In 2003, the state legislature passed an indoor smoking ban that contained a few exceptions: stand-alone bars, restaurants with a separately ventilated room, tobacco shops, and private clubs. Oklahoma has a preemption law that prohibits municipalities from banning tobacco use on private property beyond what the state law allowed in the 2003 ban. In the winter of 2012 and again in 2013, TSET spent a lot of "Healthy Communications" money on television and radio and print ads continuously during January and February encouraging a change in the law. In 2013, the legislature considered a bill that would end preemption laws in Oklahoma regarding indoor smoking, in other words, would allow municipalities to ban smoking in bars, private clubs, etc. The proposed bill ending preemption was rejected in a Senate committee. Because TSET is a state trust, it could not say: tell your legislators to support this local control bill. TSET said that it would be great if "Oklahoma communities could choose smoke-free air." This was unnecessary as the state already has a broad ban on indoor smoking.
Last fall and into winter, TSET had television spots with a guy wearing a white lab coat, talking about the 70 cancer causing chemicals in secondhand smoke and then asking: "Are you okay with that?" It also had radio, print, and billboard pieces with the same message. The purpose of this campaign was the same as it was in 2013 and the years before, i.e. to encourage the legislature to do TSET's bidding by passing more laws restricting tobacco use. If TSET were to spend its resources solely on encouraging smokers to quit, that would be in line with its mission. TSET has an advantage no other state agency has in that it can use its revenue in media ads to sway public opinion and the legislature. It is important to note that any additional smoking ban would not include casinos, which are on Indian land and, therefore, exempt from state law.
From FY 2010 to January 2015 TSET, spent $33,368,719.26 on what it calls Community Based Grants, which include Healthy Community grants to municipalities and counties if they ban tobacco use at their properties, i.e. courthouses, city halls, parks, etc. Municipalities receive even larger grants if electronic cigarettes are included in a ban. This happened in 2013 for Ada, which received a $100,000 grant. That same year, Bixby considered banning tobacco on municipal property to get a grant. I spoke with the city attorney and asked him, "So if you ban tobacco, you get the money?" He said, "That's correct." I said, "And if you don't ban tobacco, you don't get the money?" Again he responded, "That's correct."
TSET spends money on billboards throughout the state denouncing the evils of secondhand smoke; its other billboards tell us to eat our peas and tell us fruits are "appetizing."

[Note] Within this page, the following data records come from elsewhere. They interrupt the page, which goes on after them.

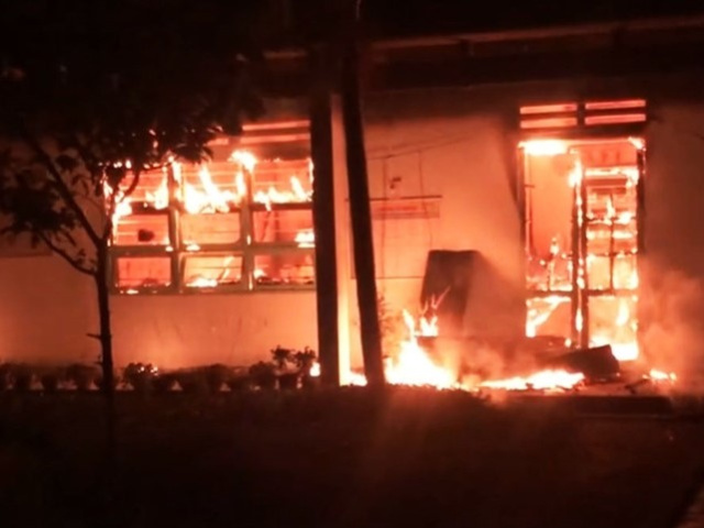 Trường học bốc cháy nghi ngút trong đêm, nhiều tài sản bị thiêu rụi
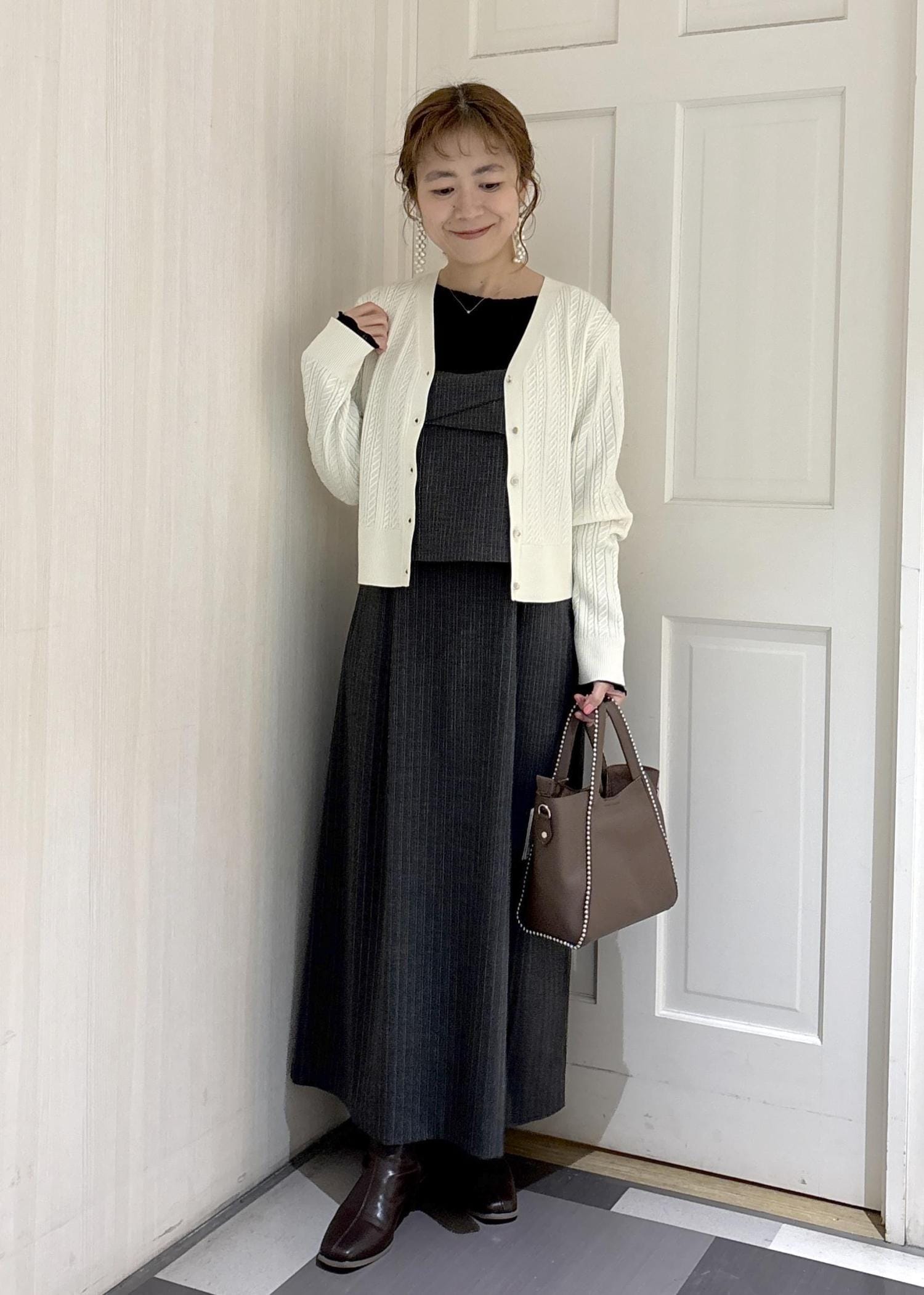 白いカーディガンなので、お顔映り良く、お写真撮る時にも映えますよ◎
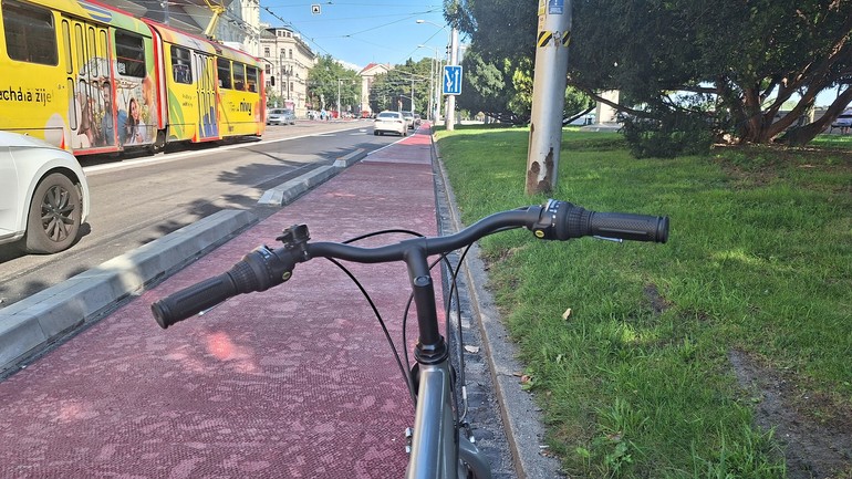 Opatrnosť sa určite vyplatí aj vtedy, keď budete prechádzať cez zúžený pruh oproti Slovenskej národnej galérii, ktorý pokračuje ďalej k múzeu, a rovnako cez spoločný cyklo-bus pruh v priestore zastávky MHD. Na zúženom pruhu bez ochranných obrubníkov sme sa necítili úplne komfortne, keďže autá išli tesne vedľa nás - a to doprava nebola taká zahustená, ako sme sa obávali. Iná situácia bola zrejme o hodinu neskôr, keď sa na Prístavnom moste smerom do Bratislavy tvorili kolóny pre nehodu kamióna s motocyklom, takže mnohí vodiči prechádzali centrom.
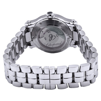 Stainless steel case with a silver-tone stainless steel bracelet. Fixed stainless steel bezel. Silver dial (with five floating diamonds) with silver-tone hands and index hour markers. Roman numerals mark the 3, 6, 9 and 12 o'clock positions. Minute markers around the outer rim. Dial Type: Analog. Chopard calibre 09.01-C automatic movement, containing 27 Jewels, bitting at 25200 vph, and has a power reserve of approximately 42 hours. Scratch resistant sapphire crystal. Pull / push crown. Transparent case back. Round case shape. Case size: 30 mm. Fold over clasp. Water resistant at 30 meters / 100 feet. Functions: hour, minute, second. Luxury watch style. Watch label: Swiss Made. Chopard Happy Sport Automatic Silver Dial Ladies Watch 278573-3012.
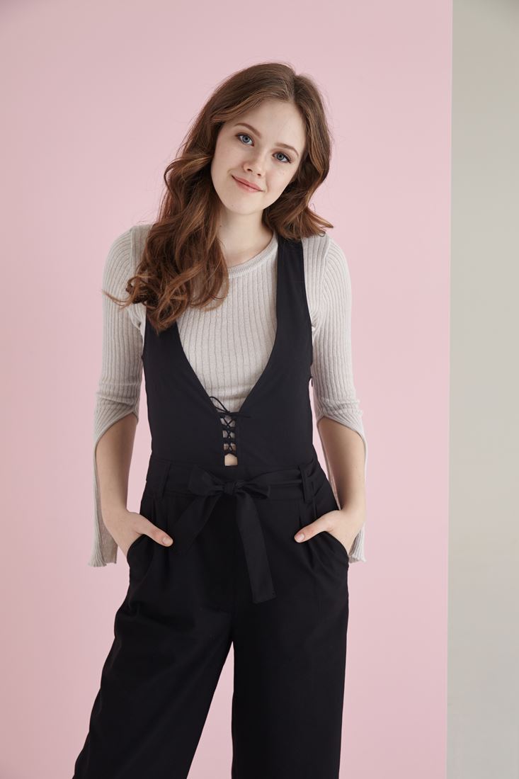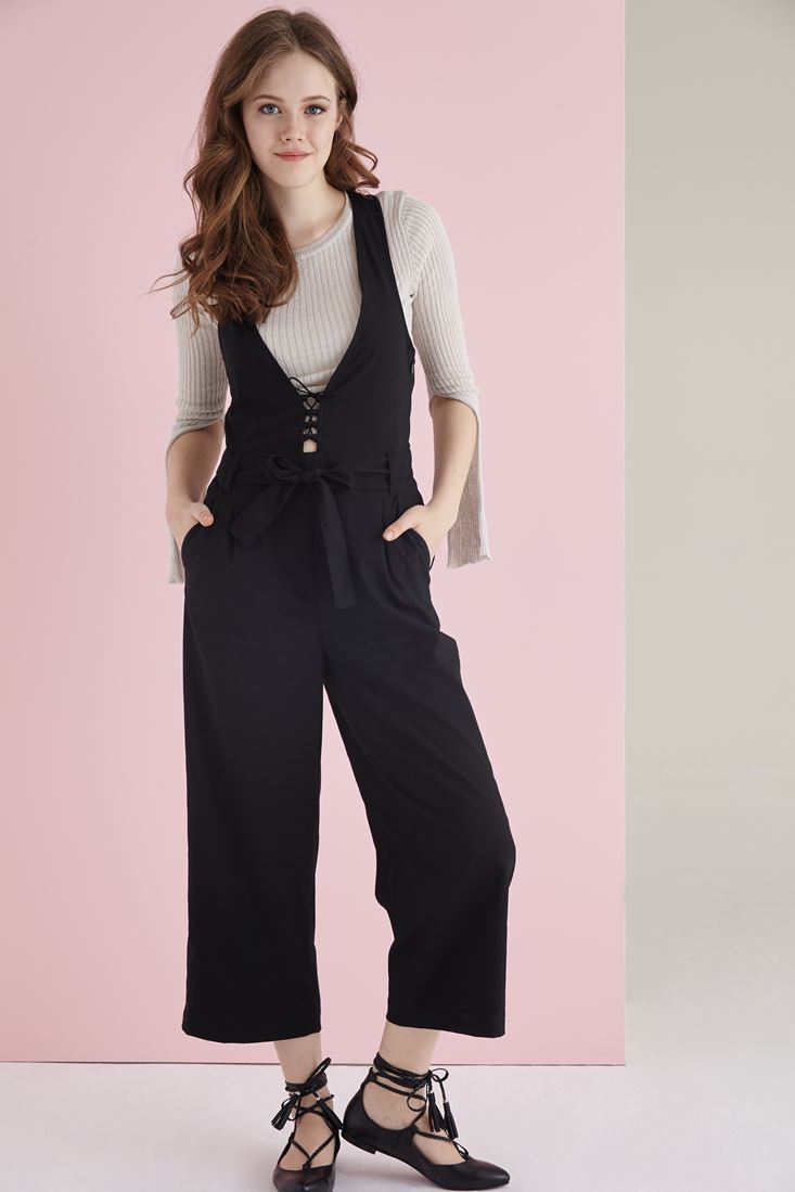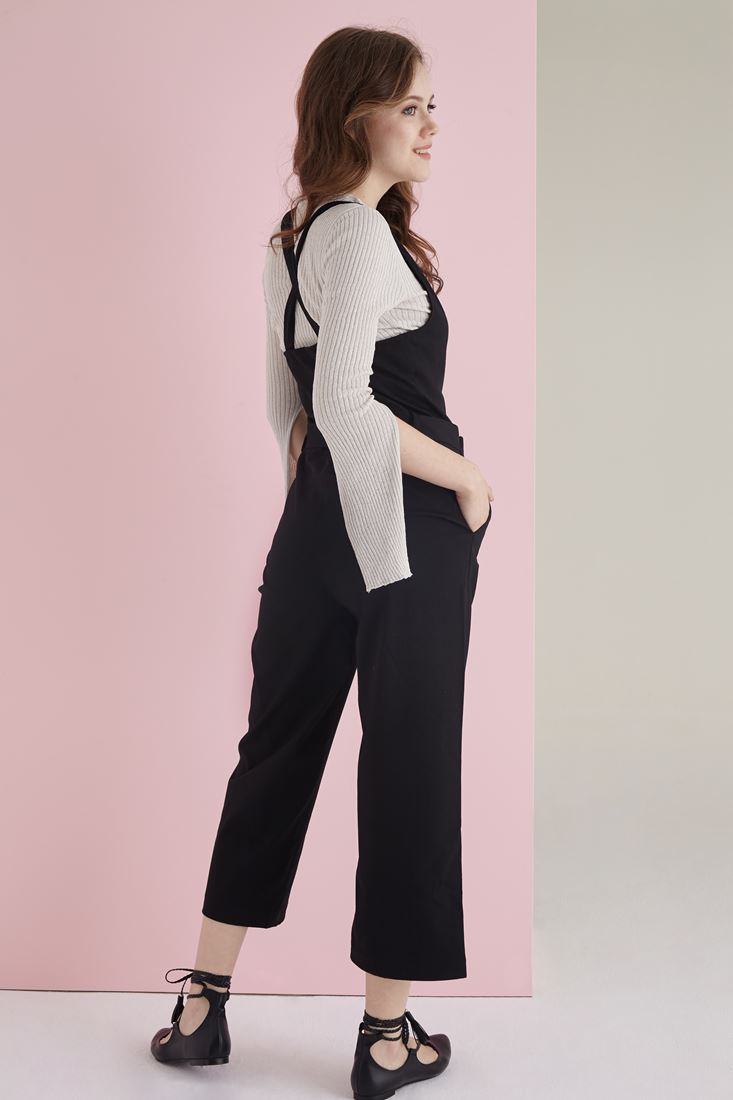 Siyah Çapraz Askılı Tulum

A couple of things TSET does that are mission-focused are a tobacco help quit line for smokers and funding cancer research in the state.
It is an injustice that when the MSA took place, the leadership of the State of Oklahoma did not do the morally right thing by putting all of that MSA money to reimburse Oklahoma. TSET's mission should be narrowed away from lobbying the legislature and social engineering.